Frage: Im Januar 1991 starb Ihr Vater, 1950 aus politischen Gründen verhaftet und inhaftiert (bis 1955), in Berlin. Wie schätzen Sie dessen politische Gesinnung, soziales Engagement ein ? Hat sich Ihr Vater – nach seiner Entlassung aus dem Arbeitslager in Workuta – zu den politischen Ereignissen der Jahre 1945/48 in M-V, zumindest Ihnen persönlich gegenüber, noch einmal geäußert ?

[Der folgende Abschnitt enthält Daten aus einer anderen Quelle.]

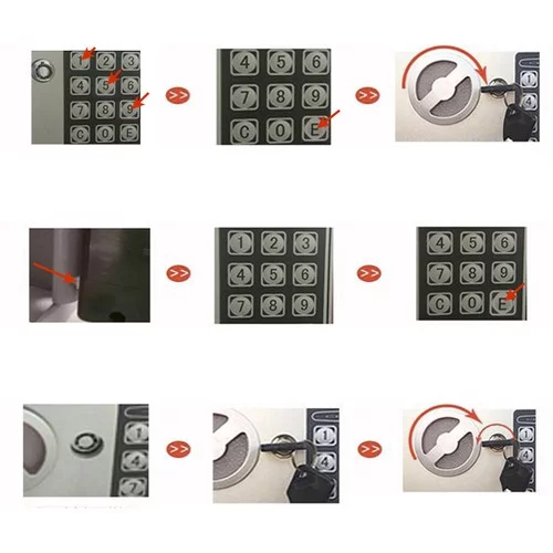 • Protecție dublă – încuietoare electronică cu cod de 3–8 cifre și posibilitate de deschidere de urgență cu cheia. După trei introduceri greșite, seiful se blochează timp de 30 de secunde.
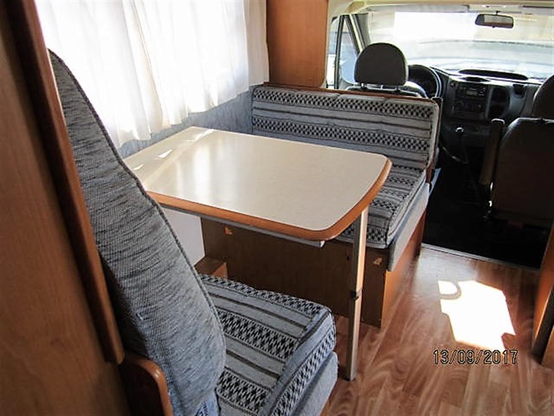 Il Kentucky Corral 3 dispone di una tra le disposizioni più comode ,con un una grande dinette e i letti posteriori trasversali che si possono trasformare in un comodo garage è dotato di frigo doppia porta da 150 lt colonna forno e riscaldamento a gasolio Webasto .

Peter von Jüchen: Mein Vater war eine schillernde Persönlichkeit, der stets offen und aufrichtig für seinen Glauben und seine politische Überzeugung einstand. Für ihn war bereits 1946 – mit der erzwungenen Vereinigung von KPD und SPD – die Grundlage für den späteren Untergang der DDR gelegt. Die Entwicklung in der DDR bestätigte seine Auffassung, dass nur Demokratie, Menschlichkeit und Rechtsstaatlichkeit in eine bessere Zukunft verhelfen. Mein Vater war ein Christ und Sozialdemokrat aus Überzeugung. M.M.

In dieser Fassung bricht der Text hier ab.